In a separate bowl, combine your cooked sausage, cream cheese, shredded cheese, chopped mushrooms, hot sauce (optional), garlic, and some salt and pepper. I mostly squished it together with a combination of a fork and my hands, but it’s a bit easier to mix if the sausage is still warm.
Begin by trimming the chicken breasts of any excess skin and chewy bits, and then carefully cut them into meat pockets.
I’m fully aware of their resemblance to female genitalia.
Then, liberally salt-and-pepper the outside of the pocket, and maybe the inside a little too. It’s easier to do this now than after they’re stuffed with deliciousness.
Once seasoned, you can stuff the chicken pockets with your desired amount of stuffing. The first night I made these, I stuffed waayyyy too much into them, and they became some sort of frightening chicken popover thing. Still delicious, but a bit over the top (heh).
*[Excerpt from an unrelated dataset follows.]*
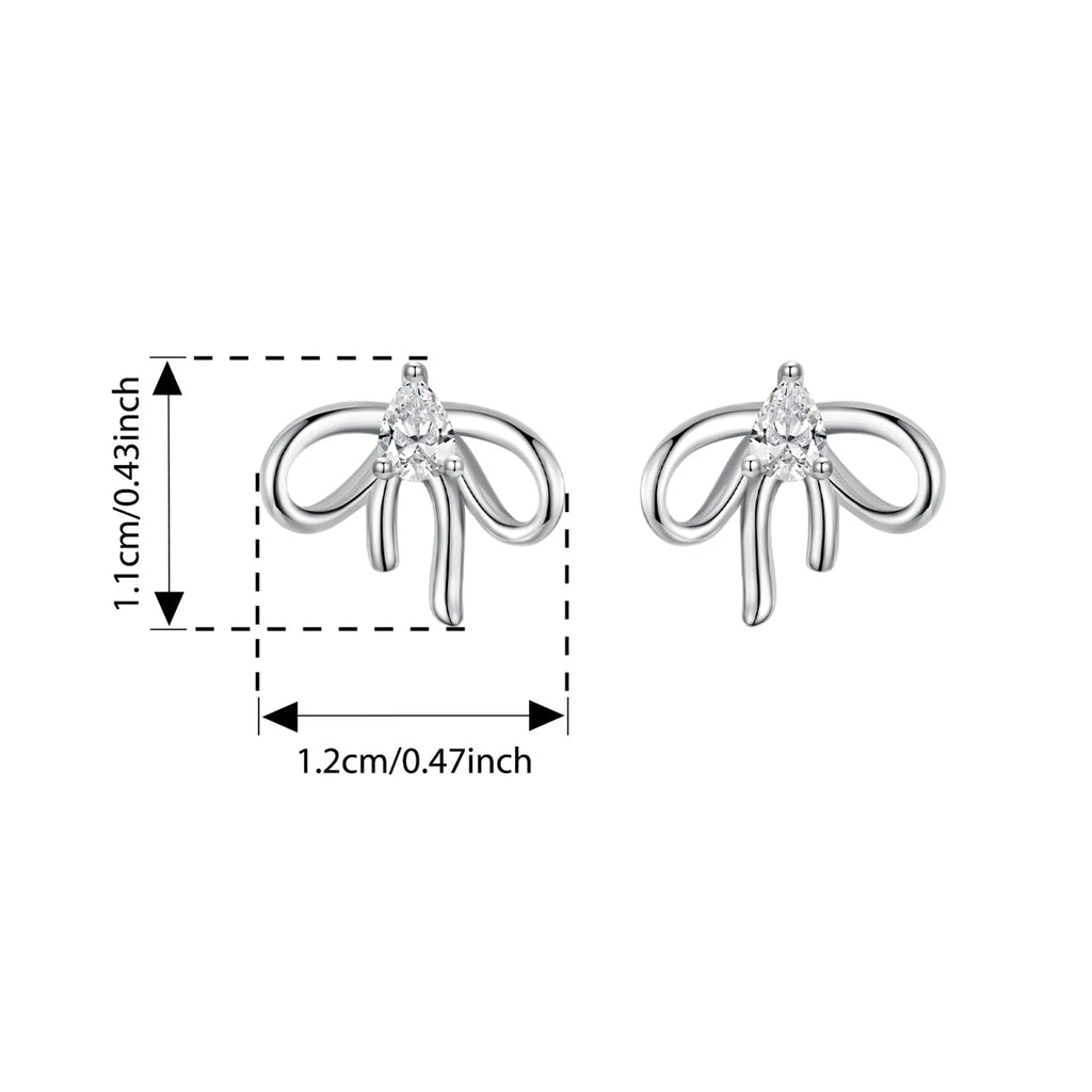 BAMOER Schleifen-Ohrstecker mit Zirkonia, romantische Schleifen-Ohrhänger für Damen und Mädchen, schlichte Ohrringe, ideal als Geburtstagsgeschenk, 925er Sterlingsilber
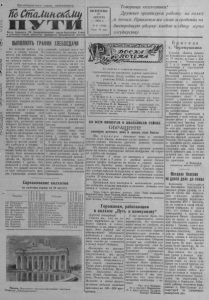 илгилшлол I . и \ у о \ Пролетарии всех стран, соединяйтесь^ Ш СпшМтск&Аш П У Т И Орган Северного РК Коммунистической партии Советского Союза и районного Совет-а депутатов трудящихся Новосибирской области Товарищи колхозники! Дружнее организуем работу на полях и токах. Привлечем все силы и средства на быстрейшую уборку хлебов и сдачу зерна государству. ВОСКРЕСЕНЬЕ i 22 АВГУСТА | 1954 г. № 67 (1666) | Цена 10 коп. • ВЫПОЛНЯТЬ ГРАФИК ХЛЕБОСДАЧИ пил В и се в кол у х б о о з р ы ку ра у й р о о н ж а ая. вст В у о многих уже комбайнами н ты ы д с е у с ш я и тк л и ки ге з к е т р а н р о о м в, . за А гр в у с о ж ж т е а к сдаче хлеба приступили лишь 9 колхозов. Сдают зерно на н п и ун н к а т , и се м л . ь К хо р з у а п р с т к е о л й и , им « . П К ам ал я и ть Кирова», «Заря коммунизма» п другие. Большая же половина артелей не приступила до сего времени к выполнению своей первой заповеди. д д н ол е К в ж н а н ы ж ы е ды з й с а в д о а к е н о в и л р я х е о м з и ен и н э м т о и е , е з т а в да п с н я р и т о я и к выполняться с тем, чтобыне допустить задержки расчетов с государством. ^ в с ы д п а З о ч а л и т н , я е ж н а и к я з у нач с ит г н р а с а ч ф а о л и т о к с м а тава х н л э и т е е о б м й о ^ пятидневки ничем нельзя оп- равдать. Комбайны работают, зерно есть, достаточно автомо- О бального игужевого транснор- Д та. Дело только за тем, чтобы # обратить самое серьезное внп- у-" мание на организацию очистки к п п то а е р х с о у с г е ш х о й л к е ч в и б а о о с с з м д е а н р ч — о н и т г а о о . м и з Т в з о е у а к н б в о и о и , р си к о т и с т у . ш у и к с л о ж ш вс е и е н л Н и к а п я а д р , о х о ц ч б д е т ы о с о б с л б ы и ы и т , ь н с м я а к е а х к т т а о а н к к и э а о з т х г и о о р о и е в с п а т о н ь с л ы у о в артелях им. Крупской, «Заря коммунизма» и других. б м о о л ж е н е о , ст ч е т й о к к аж э д т ы ом й у к м ол н х о о г з о, п В м т с о е з м е р т ы. св С о у ю ши э л ле ь к щ т и р к оста д н о ц л и ж ю е , н м б о ы т т о ь б о о п в ы а т т н ел ы ь й н , ый зн .- аю На щи о й чи д ст е к ло у и зер тр н е а н по ы с х тав к и о т л ь хо н з а н и и б к о о л в ее т и ру ч д т о о с б п ы осо т б а м т л со р о м у в д о и и л я л ь , и ц с ы ь , до с к в о о о з м д д м и а т у т ь н ь ист з и а ы м да в н с и и е я ко у м д с о к п а ы жд л о ю го дей то . к И а, то д ги о к р а а ж б д от ой сле г д р у у е п т подводить ежедневно, поднять з д с а к а и а . т н ь И те с р п о е о б с л е о ь з в л з а о и н в ч н а к т о и ь сть в в , се оп и н л м а е т е е ю д щ т о и р п е у у ся возможности увеличения1 пропускной способности токов и сушилок. Не менее важное значение м и н м ы ал е е ь ю н т о а п в н е т а р о д е м о в а о ш з н к и а и н г ы р з у е з р и н т и а ь . к м М о а а л ш к х и с о н и з ы о ав н то с к п о е л ц о и н а н л ы ьн , о посл д а л н я ные от в гр р у а з й ки хлеба на пункт Заготзерпо. Нельзя сбрасывать со счета и б х и р о и з ж е г и а З в д н а о ы г а е о д . о т т о я с в г о и л з т д о е а . л т ь ь В ны тр й к а а н ж с д п о о м ртн к ы о е лаппарат должен строить чётко свою работу, поставить дело так чтобы у пункта не было ни малейшей задержки. У нас есть все возможности к дар д с о т с в р о о м чно по му сда р ч а е сч х е л т е у ба. с г Д о о с л у г руководителей колхозов и МТС б д — и и т т е у ь л м с ь я е н л о о м ст а р и к а с с и с м к т а о а л м в ь и б н т а о й ь й но с в и п , л р ы о у и , л зв у д о ч о л н ш и ы и т е т ь ь ор р г а а п б н о о и л т з у и а т ц и п и ч а и ес т к о о у б к ю я а з х а . н П ы а р р а у т б и о си т й у , руководить социалистическим соревнованием. Сор

The next night I halved the amount so I could pin the pocket closed with a couple of toothpicks so it would roast all nice and evenly.
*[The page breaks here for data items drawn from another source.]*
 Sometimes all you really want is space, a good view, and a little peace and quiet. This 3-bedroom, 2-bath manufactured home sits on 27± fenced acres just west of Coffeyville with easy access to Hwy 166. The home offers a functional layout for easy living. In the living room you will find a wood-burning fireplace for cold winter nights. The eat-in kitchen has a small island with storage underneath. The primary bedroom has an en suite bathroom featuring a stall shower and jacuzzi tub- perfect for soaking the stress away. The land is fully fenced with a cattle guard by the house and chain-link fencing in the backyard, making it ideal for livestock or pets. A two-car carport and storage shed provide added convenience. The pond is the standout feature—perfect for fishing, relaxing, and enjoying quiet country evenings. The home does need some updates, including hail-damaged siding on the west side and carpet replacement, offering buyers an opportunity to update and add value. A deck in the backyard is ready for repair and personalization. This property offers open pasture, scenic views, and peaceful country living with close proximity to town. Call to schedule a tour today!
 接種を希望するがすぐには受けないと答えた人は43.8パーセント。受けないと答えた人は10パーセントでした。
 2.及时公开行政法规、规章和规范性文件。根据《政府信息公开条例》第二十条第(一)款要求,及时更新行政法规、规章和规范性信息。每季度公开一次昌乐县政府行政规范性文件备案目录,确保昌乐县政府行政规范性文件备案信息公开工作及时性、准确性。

It ended up being about a quarter cup of stuffing per normal-sized chicken breast. You may need more or less depending on the size of your breasts. Um…your chicken breasts, not your actual breasts, if you have breasts, though I suppose even men technically have breasts…
Whether you have actual large or small breasts, you will need to stuff your meat pockets with as a much sausage as they can accommodate……
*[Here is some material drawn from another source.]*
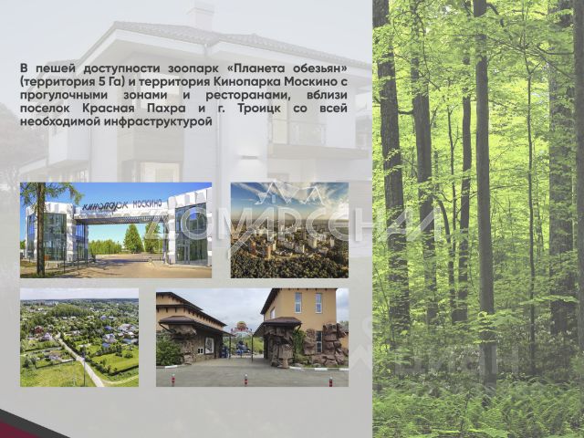 Подъезд - асфальтовая дорога с освещением, с Калужского шоссе, 2 км. В 300 метрах пруд, лес в 100 м. Рядом развязка ЦКАД с Калужским шоссе, 2 км. Деревня находится в тупике, сквозного проезда нет, тихо и спокойно, регулярно ходит школьный автобус в Красную Пахру. В то же время рядом масса развлечений для детей и взрослых: лес, зоопарк, рестораны, кинотеатр, кинопарк, рыбалка! В пешей доступности Зоопарк "Планета обезьян"(1 км), Сафари -парк, Океанариум, кинопарк "Москино" с кинотеатром и рестораном "Чайхона 1", а также знаменитый ресторан "Калужская застава" и рыболовный клуб "Золотой сазан" (2 км).
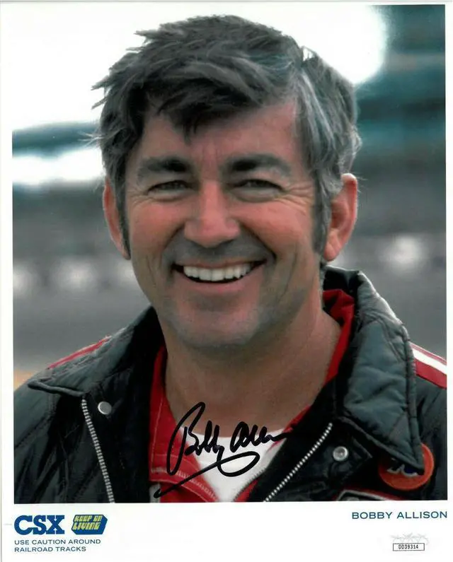Bobby Allison is a former NASCAR Winston Cup driver and was named one of NASCAR's 50 greatest drivers. Allison was elected to the International Motorsports Hall of Fame in 1993. Allison is one of eight drivers to have won what was then considered a career Grand Slam (an unofficial term) by winning the sport's four majors: the Daytona 500, Winston 500, Coca-Cola 600, and the Southern 500. Bobby Allison has hand signed this 8x10 Photo. JSA Hologram #DD39314 and JSA Certificate of Authenticity.

This is escalating quickly.
Pin them closed with some toothpicks and quickly throw them in a baking dish and into a preheated 400° oven before they continue making jokes about meat pockets and sausage.
You want to bake them until the chicken reaches an internal temperature of 165. This took about 30 minutes for mine, but that time will vary depending on your oven and the size of the chicken breasts and the thickness of the pockets. Anywhere from 25 – 40 minutes is probably a safe assumption. Pro tip: Remove the chicken when it reaches about 160 and let it rest for 5-10 minutes. During the rest period, it will continue cooking internally and the juices will pull back into the meat. Everyone likes a juicy chicken breast.
Following the resting period, remove the toothpicks, and serve with your favorite sides. I enjoy it paired with some roasted broccoli because the broccoli is great for soaking up escaped cheese sauce.
Yum! Much creamy. Much meaty. Much cheesy.
You’ll notice the recipe that follows is a bit odd. It’s a serving for one. This recipe is intended to be modified to suit you and your needs/tastes. You can very easily increase the amounts to make a whole family dinner. I found that once the sausage was cooked and mushrooms chopped, it was very easy to make this again on subsequent nights and adjust the amounts of stuffing ingredients as needed. Measure, manage, and enjoy!
Creamy Sausage Stuffed Chicken
Boneless, skinless chicken breasts stuffed with a delicious mixture of sausage, cream cheese, and mushrooms. Single serving recipe!
- 40 g Jimmy Dean reduced fat sausage, browned and crumbled Sub with your favorite sausage if desired!
- 20 g Cremini mushrooms, chopped
- 20 g Reduced fat cream cheese Sub with full fat cream cheese if desired
- 14 g Kerry Gold Skellig sweet cheddar cheese, shredded Sub with any shredded cheese
- 0.5 tsp Minced garlic or 1 clove fresh garlic
- to taste hot sauce
- to taste salt and pepper
- 1 boneless, skinless chicken breast
- to taste salt and pepper
Preheat the oven to 400 degrees.
Prepare the Stuffing
Begin by browning the sausage and setting aside.
Chop the mushrooms into roughly 1/4 inch sized pieces.
In a small mixing bowl, combine the sausage, mushrooms, cream cheese, garlic, shredded cheese, hot sauce (optional), and salt and pepper to taste.
Prepare the Chicken Breasts
Carefully cut the chicken breasts down the long sides, but not all the way through, to form a "pocket."
Salt & pepper the outside of the pocket to taste.
Stuff the sausage and mushroom mixture into the chicken breast, pressing firmly to keep it in. Pin the pocket closed with a couple of toothpicks.
Bake in the preheated oven for 25-35 minutes or until the chicken reaches an internal temperature of 165. Tip: Remove chicken around 155/160 and allow it to rest until 165 for maximum juiciness!